Growing up most of us discover things that appeal or speaks to us.  Something clicks and we decide that is worth pursuing.  We make choices in regards to college or working, career or profession, singleness or marriage, small family or large.  Will we travel or settle down and if so where we finally land.

In my experiences in working with men, little has to do with knowing your calling.  As men what is it we were meant to do? What are our lives supposed to be about?  What have we been put on this earth for?  Many men can’t even begin to contemplate this, they just keep going and doing the things everyone else has told them to do.  There is a very rare breed of men who understand calling and follow it will all their heart, passion and soul.  Sadly for many men today, this piece is missing in their lives.  They find themselves going to school, working jobs, being husbands and fathers and behind all of it they are miserable.  They are leading lives where existing is just getting by. There is no joy or passion to their life and they have nothing truly inspiring to live for.

It’s really a sobering sight to see, men like this make me weep.  I to have been in this spot in the past.  If men who are supposed to be leaders have no clue about what they are called to do, that leaves the rest of us in peril.  I firmly believe we as men are called to be leaders in all areas of our lives.  I believe this will all my heart.  Men are the ones who need to step up and begin leading. How can this ever begin to happen if we lack the skills,  knowledge and passion for life?

I believe it involves parents who are tuned into their kids, having conversations with them around their hopes; dreams and desires as well as developing their strengths, gifts and talents. Continually building and affirming these areas.  Parents know what their kids can do well and hopefully use this in shaping and molding them in the right direction.  I also believe it comes from others who are invested in the kids lives.  Teachers, mentors, pastors, coaches, and friends all have the ability to speak into our kids lives in ways we as parents can’t.

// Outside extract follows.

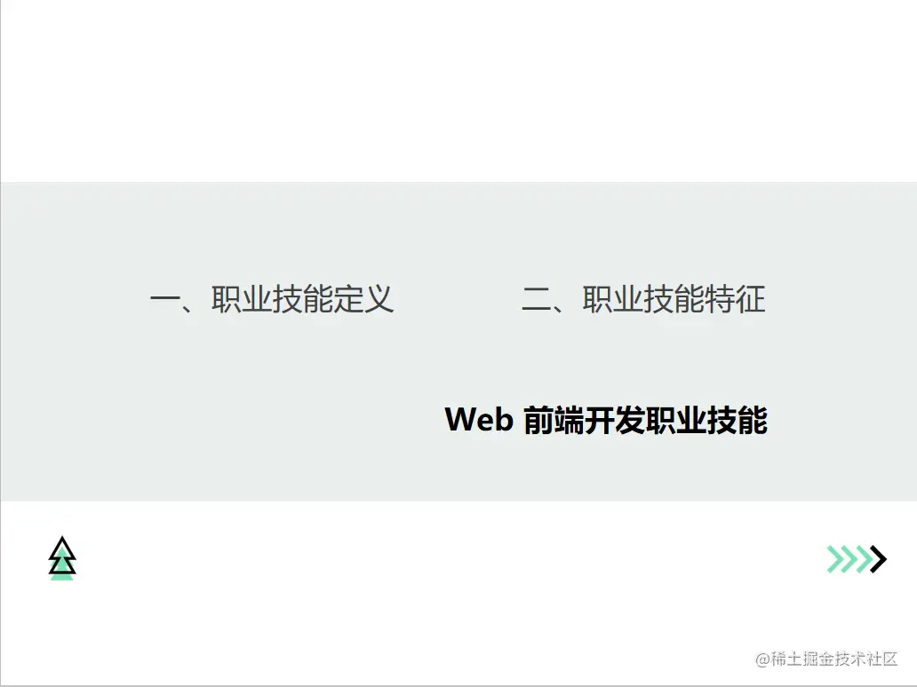 由图要知道第一,职业技能定义是:利用HTML、CSS、JavaScript、网页开发框架等专业知识、方法和工具将产品UI设计稿实现成网站的技能。

I know I wanted to be a husband and father from a very young age.  At the core of my being there was nothing else that I desired more in life.  I spent countless hours of my youth imagining what my wife and children would be like and how I would be as the Dad.  No one really gave me the message that I was valuable or that I possessed certain gifts or talents that would help me later on.  I knew when I got to that place in my life, it would be like achieving a gold medal in the Olympics.  As life came and obstacles got in the way I begin to lose sight of this and felt it slipping from my hands.  I began thinking it was never going to happen.  By the time I actually got what I had most desired I was dealing with shame, hurt, anger and pain and not able to really give my best.   Many years later after getting what I so desired I continued feeling I was missing more.  I wasn’t comfortable with myself or who I was and I lived behind masks, trying to put on a good game face for those around me.  I kept doing all the things I believed I needed to do, was told were the right things to do and how I should act and behave.  I always came back to feeling like the last piece to the puzzle was missing.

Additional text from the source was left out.